In 2014, it was confirmed that Perroni was to star in her sixth lead role in a telenovela called La Gata along with Daniel Arenas, Erika Buenfil, and Laura Zapata. It aired on May 5, 2014.

On July 12, 2014, People en Español named Perroni the new queen of Mexican telenovelas.

In 2015, Perroni landed her seventh lead role next to Arath De La Torre, called "Antes muerta que Lichita". It became a hit right away in Mexico and the U.S., where she was invited to promote it, as she has a huge fanbase in North America.

Then in 2017, she landed her eighth lead role with Sebastian Rulli, called "Papá a toda madre". More recently, she signed an overall deal with Pantaya.

Musical career 

Perroni was a member of the popular band RBD, which was launched off of the success of the most-watched telenovela in years, Rebelde. To date, RBD has made 9 studio albums, including albums in Spanish, Portuguese, and English. They have sold over 15 million albums worldwide, and have embarked on various international tours including shows throughout Latin America and Europe.

Mai composed "Tal Vez Mañana", for RBD's fourth Spanish language album, Empezar Desde Cero and sang solo on the title track for the album.

On August 8, 2008, RBD released a message telling fans that they had decided to split up. They went on one final tour, Gira Del Adios World Tour, which ended in early 2009. Perroni was absent part of the tour, due to her filming of Cuidado con el ángel.

For her role in Cuidado con el ángel, Perroni recorded three songs for the show called "Esta Soledad", "Separada De Ti", and "Contigo".

She recorded a song with Reik, entitled "Mi Pecado", which was used as the opening song for the telenovela, Mi Pecado.

She recorded a song with Marco di Mauro called "A Partir De Hoy" which forms part of the musical soundtrack of the telenovela Triunfo del Amor, her fourth lead role.

In 2012, Perroni released a single called "Te daré mi corazón" that was used for her telenovola "Cachito de Cielo".

In late 2012, Perroni announced that she will record her first solo album called Eclipse de Luna.

On July 16, 2013, Perroni released a bachata song called "Tu y Yo".

In May 2014, Perroni released another bachata song called "Vas A Querer Volver" which is also the theme song for her soap opera La Gata.

In June 2014, Perroni released a duet song with Alex Ubago called "Todo lo que soy" which was the couple's theme song in the telenovela La Gata.

On July 14, 2016, Perroni released her first single called Adicta.
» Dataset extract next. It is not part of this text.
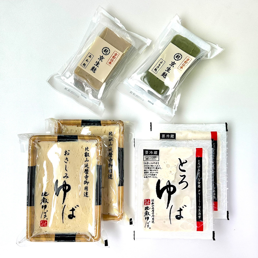 当店人気の生湯葉2種と生麩2種を一緒にお楽しみいただけるセットです。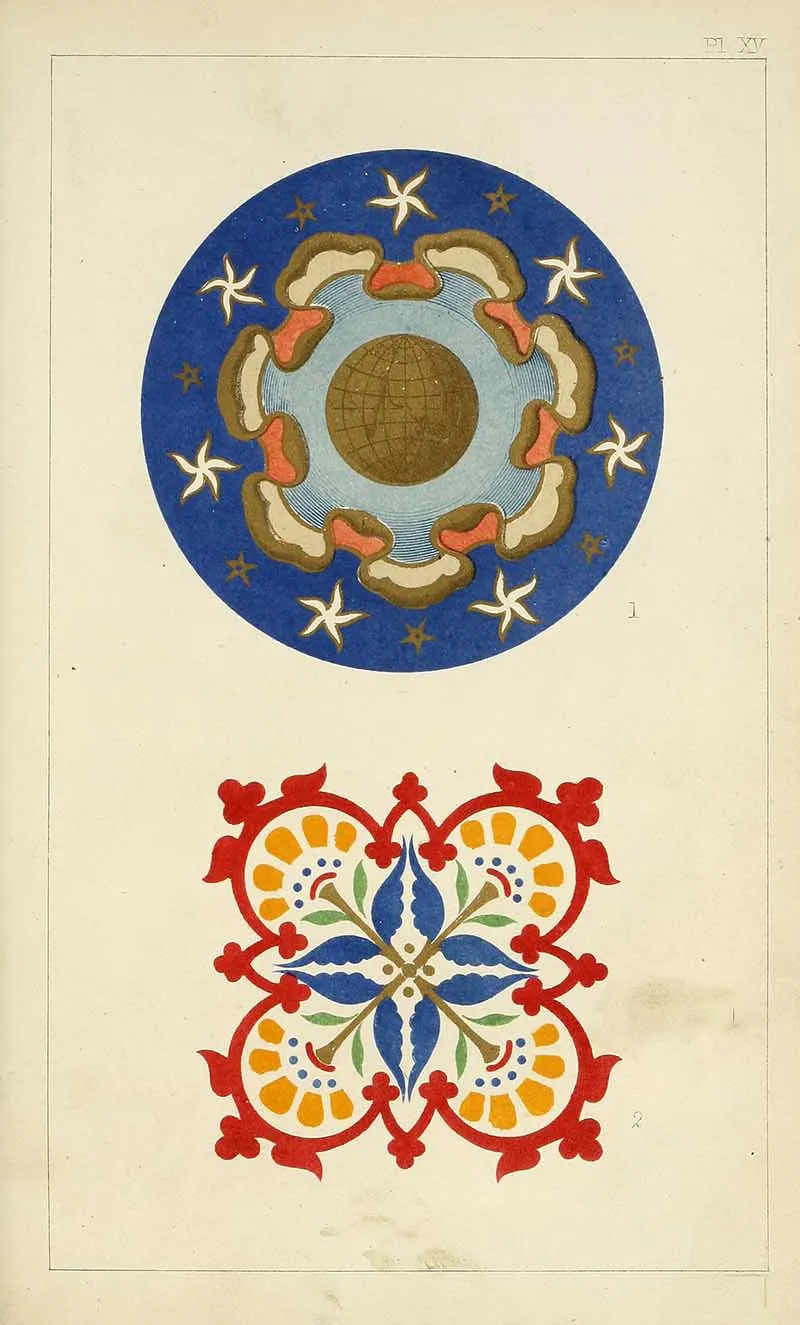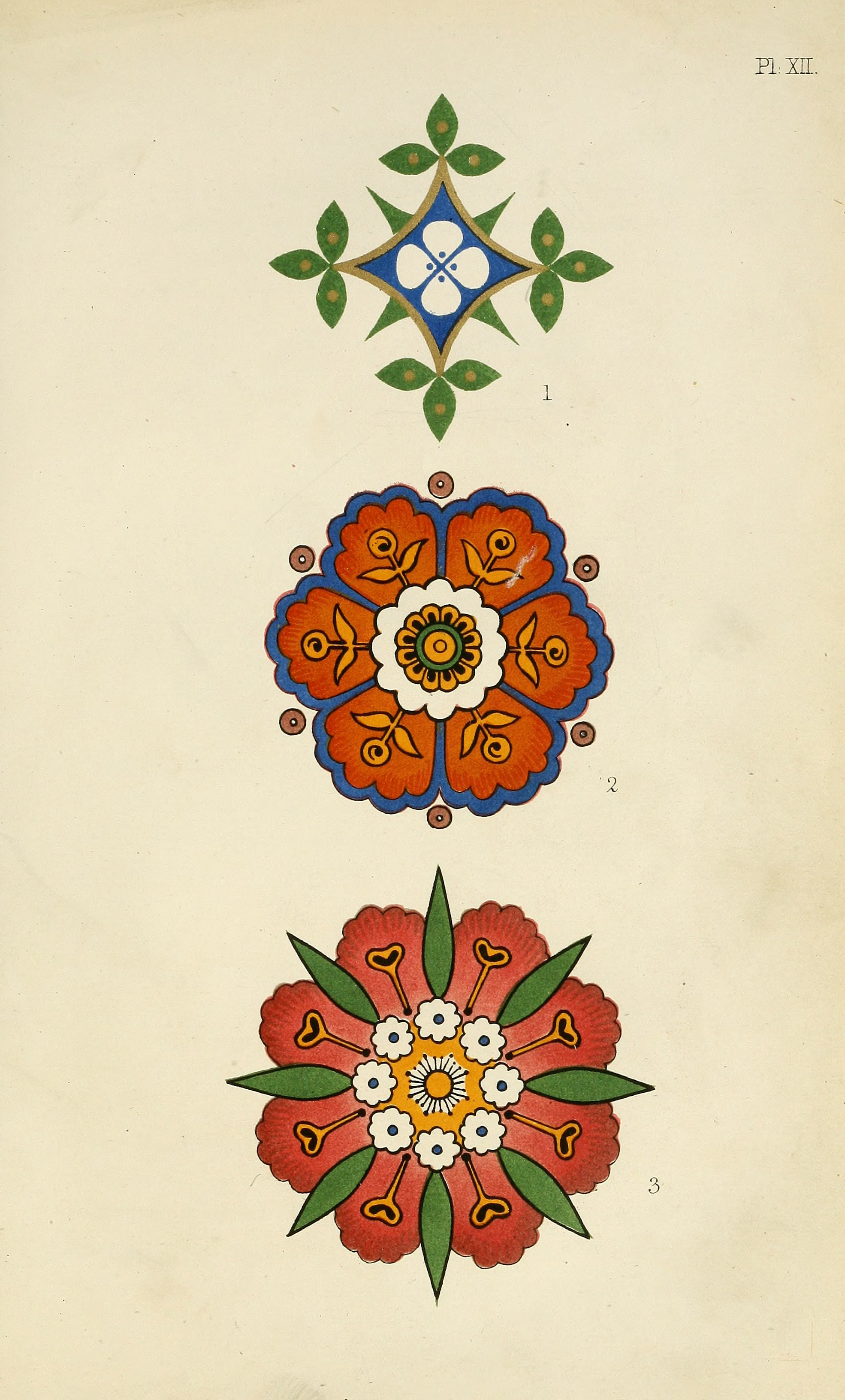 Dresser notes that the radiation of colourful shapes from a common centre can convey the idea of a flower. Although the design is recognized as floral, it doesn’t resemble any specific species of flowering plant.

She performed it at Premios Juventud 2016. It will be included in her new album soon to be released.

Products and endorsements 

Mai is the spokesmodel for NYX Cosmetics. In 2007, a Barbie doll version of Perroni was released based on her character in Rebelde.

In June 2009, Perroni announced her support for the Ecologist Green Party of Mexico.

Mai stars in commercials for Giraffas, Pepsi, Proactiv, Teleton, Pantene, and Coppel.

In fall 2014, Perroni partnered with National Stores to introduce her Coleccion Maite Perroni, a contemporary fashion line inspired by her favorite designers reflecting her own personal taste.  "Latinas who accept, love themselves... who want to look good and feel better, who maximize your qualities and analyze the defects you project onto the world...and discover that you love yourself and you are passionate... "And you know how to face life, how to live life, give life and be alive, who are who they are and don't follow stereotypes."

Personal life 
Perroni is currently living in Los Angeles, California. She was in a relationship with Chilean musician and producer Koko Stambuk from 2013 to 2020. 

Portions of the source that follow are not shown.